'''
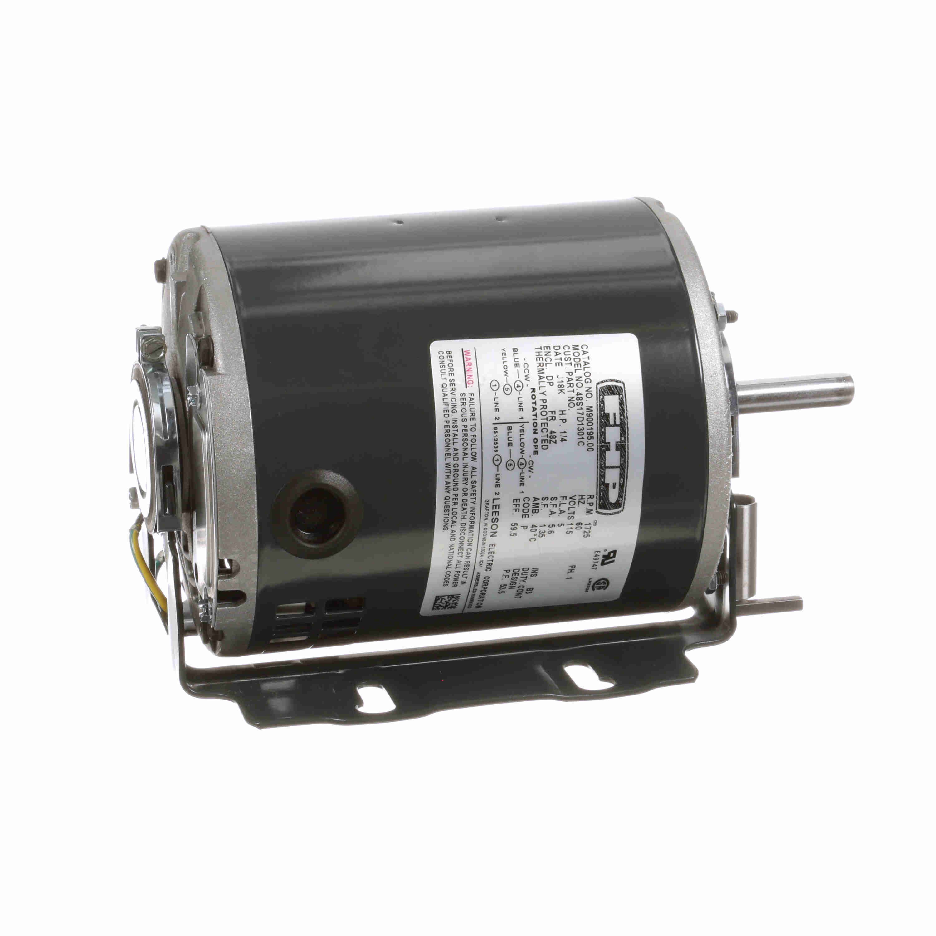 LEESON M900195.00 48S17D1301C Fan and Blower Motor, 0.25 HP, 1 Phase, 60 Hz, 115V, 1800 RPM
'''
'''
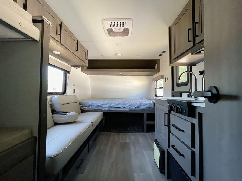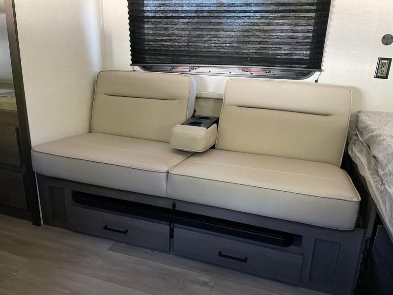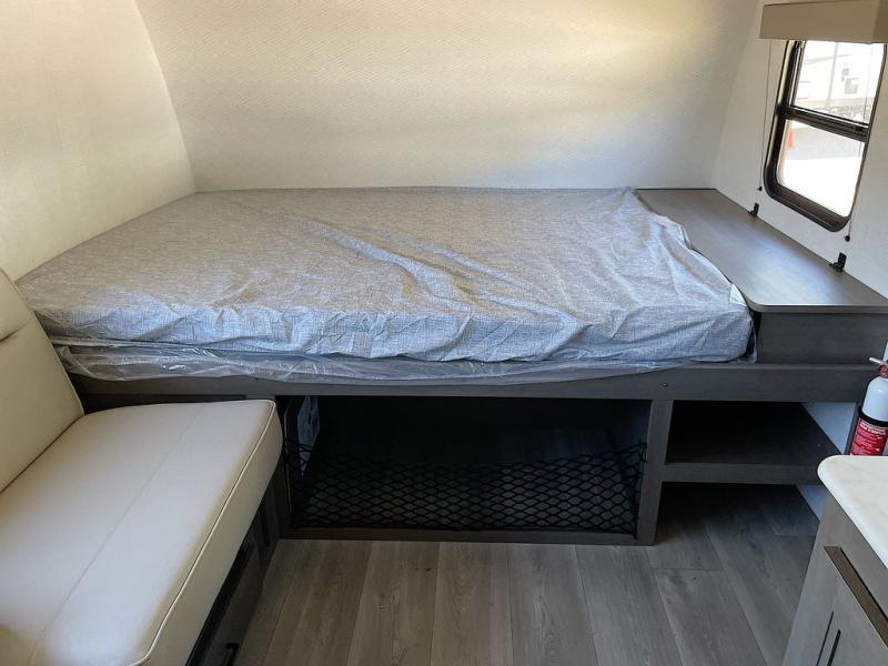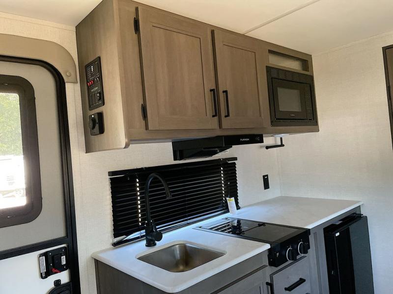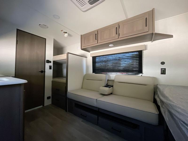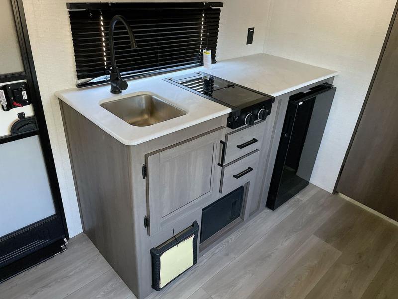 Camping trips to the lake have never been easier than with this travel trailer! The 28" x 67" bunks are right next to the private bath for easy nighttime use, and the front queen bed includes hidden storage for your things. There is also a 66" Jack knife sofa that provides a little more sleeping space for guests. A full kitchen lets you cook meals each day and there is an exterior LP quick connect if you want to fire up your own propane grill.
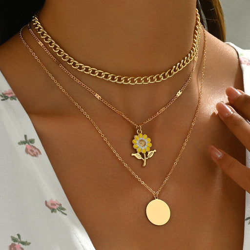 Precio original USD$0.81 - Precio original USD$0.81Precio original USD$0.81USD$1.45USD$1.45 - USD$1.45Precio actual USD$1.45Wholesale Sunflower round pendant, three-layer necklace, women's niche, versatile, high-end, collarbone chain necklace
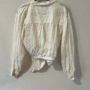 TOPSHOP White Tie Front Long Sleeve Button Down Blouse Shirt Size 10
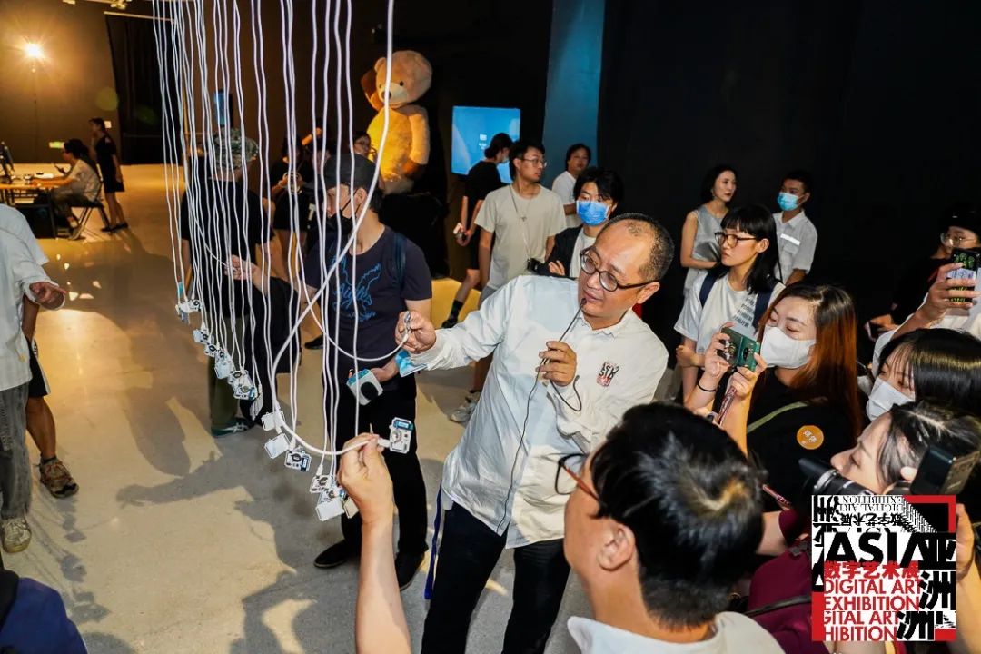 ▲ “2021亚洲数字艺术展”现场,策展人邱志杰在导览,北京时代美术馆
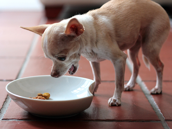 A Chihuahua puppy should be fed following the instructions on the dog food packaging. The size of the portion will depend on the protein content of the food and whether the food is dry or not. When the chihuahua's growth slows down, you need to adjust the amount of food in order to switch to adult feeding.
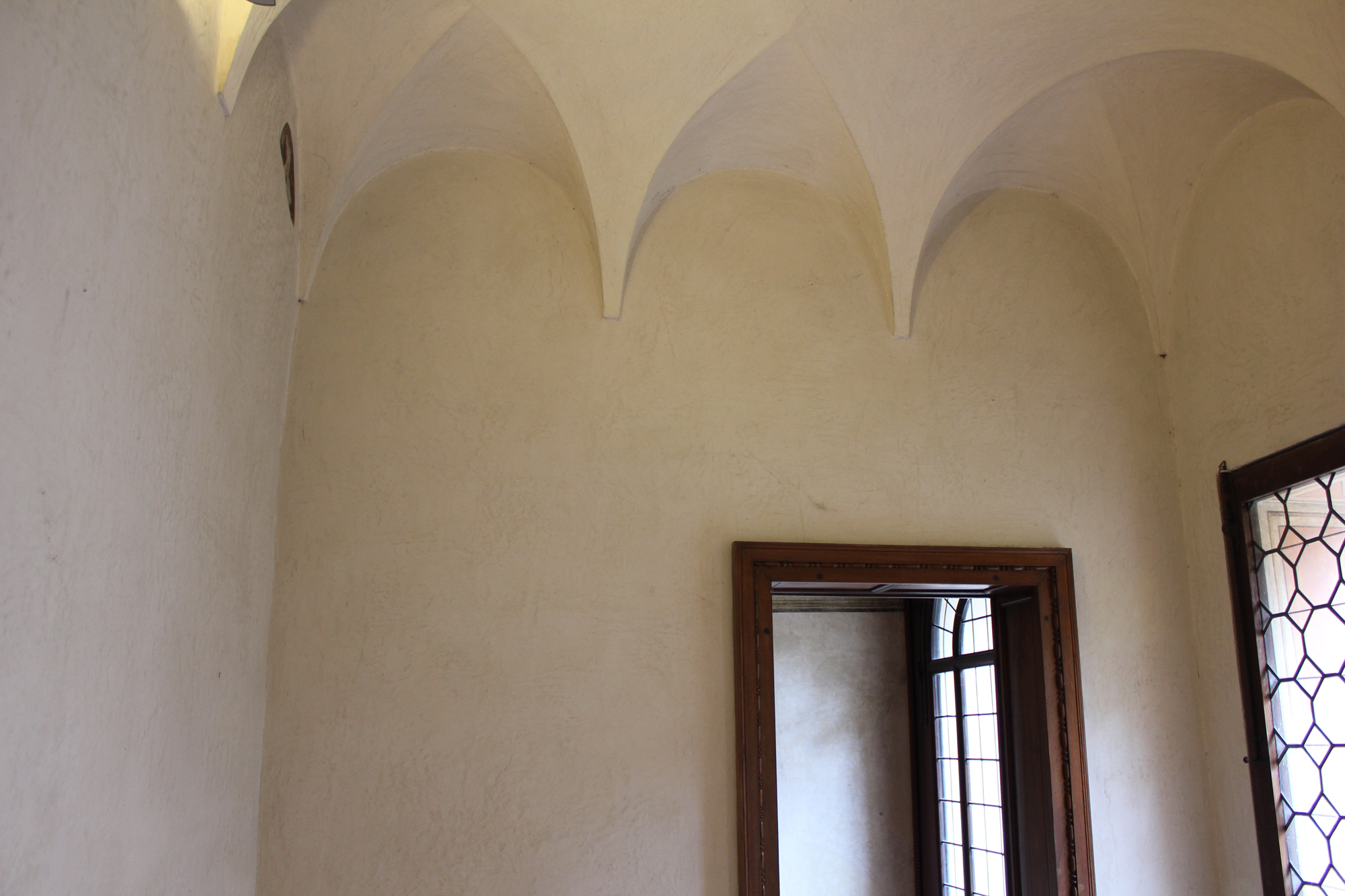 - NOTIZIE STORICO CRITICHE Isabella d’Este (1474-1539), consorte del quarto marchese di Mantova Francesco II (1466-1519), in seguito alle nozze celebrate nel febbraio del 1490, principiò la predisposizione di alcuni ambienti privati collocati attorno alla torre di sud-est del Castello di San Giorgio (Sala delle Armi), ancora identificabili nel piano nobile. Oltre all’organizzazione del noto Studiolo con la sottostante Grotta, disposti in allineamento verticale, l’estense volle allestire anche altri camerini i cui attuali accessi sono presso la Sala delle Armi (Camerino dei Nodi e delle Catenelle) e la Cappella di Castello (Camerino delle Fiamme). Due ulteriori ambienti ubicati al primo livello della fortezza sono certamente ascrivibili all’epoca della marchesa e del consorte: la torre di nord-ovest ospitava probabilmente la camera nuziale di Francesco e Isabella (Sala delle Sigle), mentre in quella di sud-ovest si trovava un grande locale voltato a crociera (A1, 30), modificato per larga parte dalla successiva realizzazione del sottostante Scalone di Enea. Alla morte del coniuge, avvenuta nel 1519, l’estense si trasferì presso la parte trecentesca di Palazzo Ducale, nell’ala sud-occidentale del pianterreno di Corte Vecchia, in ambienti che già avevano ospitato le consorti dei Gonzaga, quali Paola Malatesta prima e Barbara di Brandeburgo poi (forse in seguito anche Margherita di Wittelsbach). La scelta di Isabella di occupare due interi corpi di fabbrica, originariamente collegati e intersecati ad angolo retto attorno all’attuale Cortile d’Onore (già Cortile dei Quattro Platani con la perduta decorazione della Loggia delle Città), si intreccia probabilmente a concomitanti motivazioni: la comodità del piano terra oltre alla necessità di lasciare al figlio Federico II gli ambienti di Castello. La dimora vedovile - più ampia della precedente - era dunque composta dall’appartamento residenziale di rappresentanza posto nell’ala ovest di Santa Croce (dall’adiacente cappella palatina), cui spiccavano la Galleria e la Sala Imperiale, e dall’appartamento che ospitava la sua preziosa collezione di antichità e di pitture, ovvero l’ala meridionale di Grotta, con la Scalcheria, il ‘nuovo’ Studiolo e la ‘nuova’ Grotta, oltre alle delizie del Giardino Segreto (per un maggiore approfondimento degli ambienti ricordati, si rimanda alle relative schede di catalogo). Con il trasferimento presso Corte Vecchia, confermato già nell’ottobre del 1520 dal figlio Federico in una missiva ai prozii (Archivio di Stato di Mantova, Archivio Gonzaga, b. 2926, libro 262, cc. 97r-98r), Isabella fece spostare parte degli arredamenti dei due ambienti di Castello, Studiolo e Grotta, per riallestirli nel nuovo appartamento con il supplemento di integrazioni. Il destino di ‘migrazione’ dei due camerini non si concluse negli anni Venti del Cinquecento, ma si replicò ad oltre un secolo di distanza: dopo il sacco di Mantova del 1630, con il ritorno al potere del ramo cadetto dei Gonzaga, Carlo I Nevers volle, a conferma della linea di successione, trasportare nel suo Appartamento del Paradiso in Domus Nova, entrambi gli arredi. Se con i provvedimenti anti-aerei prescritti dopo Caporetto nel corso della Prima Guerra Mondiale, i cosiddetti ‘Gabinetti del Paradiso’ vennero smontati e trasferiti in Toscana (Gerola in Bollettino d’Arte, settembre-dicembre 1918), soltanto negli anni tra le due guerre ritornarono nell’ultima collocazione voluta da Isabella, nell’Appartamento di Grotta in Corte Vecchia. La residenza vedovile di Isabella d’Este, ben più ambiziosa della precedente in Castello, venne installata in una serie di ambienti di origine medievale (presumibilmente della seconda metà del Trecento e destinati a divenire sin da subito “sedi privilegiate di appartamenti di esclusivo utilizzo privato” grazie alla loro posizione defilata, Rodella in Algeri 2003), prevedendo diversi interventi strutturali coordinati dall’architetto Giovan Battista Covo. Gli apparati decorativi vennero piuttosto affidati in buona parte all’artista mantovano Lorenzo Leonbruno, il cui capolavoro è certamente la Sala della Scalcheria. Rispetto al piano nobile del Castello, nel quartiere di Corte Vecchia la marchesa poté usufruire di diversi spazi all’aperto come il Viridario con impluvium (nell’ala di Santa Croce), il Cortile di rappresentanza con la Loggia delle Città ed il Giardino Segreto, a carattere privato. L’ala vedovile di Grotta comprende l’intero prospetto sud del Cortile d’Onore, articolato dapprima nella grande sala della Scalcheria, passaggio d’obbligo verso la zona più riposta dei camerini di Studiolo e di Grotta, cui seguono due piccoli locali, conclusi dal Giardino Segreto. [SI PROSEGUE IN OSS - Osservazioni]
'''
## [WORK TO BE COMPLETED]
Would you set down only the lines above from the line with "Precio original USD$0.81 - Precio" to the line with "A Chihuahua puppy", both included, exactly as they stand and without the pictures?

## [SOLUTION FOR THIS PROBLEM]
 Precio original USD$0.81 - Precio original USD$0.81Precio original USD$0.81USD$1.45USD$1.45 - USD$1.45Precio actual USD$1.45Wholesale Sunflower round pendant, three-layer necklace, women's niche, versatile, high-end, collarbone chain necklace
 TOPSHOP White Tie Front Long Sleeve Button Down Blouse Shirt Size 10
 ▲ “2021亚洲数字艺术展”现场,策展人邱志杰在导览,北京时代美术馆
 A Chihuahua puppy should be fed following the instructions on the dog food packaging. The size of the portion will depend on the protein content of the food and whether the food is dry or not. When the chihuahua's growth slows down, you need to adjust the amount of food in order to switch to adult feeding.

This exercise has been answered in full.